La volée de Roberto Baggio fuit le cadre pour quelques centimètres face à la France, lors de la Coupe du monde 1998

Crédits Imago

Le lobby du peuple ne suffira pas en 2002. Giovanni Trapattoni le laisse à la maison quand l'Italie s'envole disputer la Coupe du monde en Asie. Il n'y aura pas de quatrième chance. Juste une malédiction qui aura vu Baggio échouer trois fois dans sa quête du titre mondial. Les trois fois aux tirs au but. "Moi, j’ai un très bon souvenir de mes trois Coupes du monde, a-t-il affirmé dans So Foot. Parce que j’ai bien joué à chacune des Coupes du monde que j’ai jouées. Hélas, il m’a manqué la victoire. Contre l’Argentine, l’Italie perd aux tirs au but. J’ai perdu une finale aux tirs au but. Et je me suis fait éliminer en France aux tirs au but. Le tout sans perdre un match. Si tu y penses, c’est étrange. Mais c’est comme ça."

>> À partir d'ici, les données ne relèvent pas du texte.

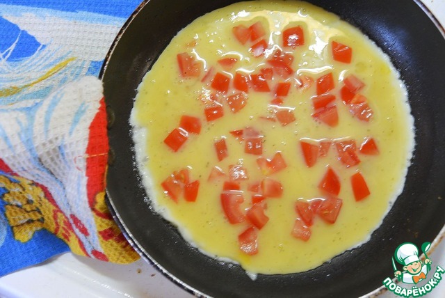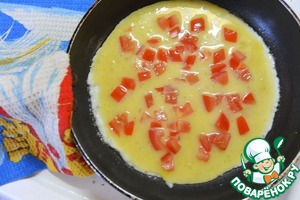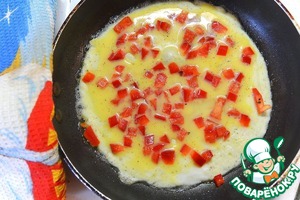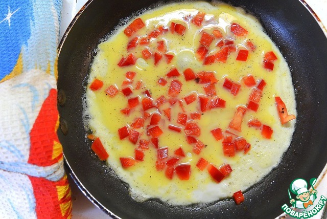 С 4 оставшимися яйцами, прованскими травами, перцем, солью, 4 ч. л. сливок и 4 ч. л. воды повторить те же манипуляции, а именно взбить и испечь омлетные блинчики. На второй выложить начинку из болгарского перца,

Baggio n'a pas eu le palmarès qu'il méritait. Il y a bien son Ballon d'Or, ses deux titres de champion d'Italie, sa victoire en Coupe de l'UEFA et une collection de distinctions individuelles. Mais pas l'essentiel. Une Ligue des champions n'aurait même pas semblé suffisante pour consacrer un tel talent, peut-être le plus grand qui ne soit jamais sorti de la Botte. Seule la Coupe du monde aurait été une récompense la hauteur de son impact sur le football de son époque. Le destin a voulu que "Roby" le maudit reste sans couronne. Mais il gardera toujours son aura. Et c'est surtout à cela qu'on reconnaît la grandeur d'un roi.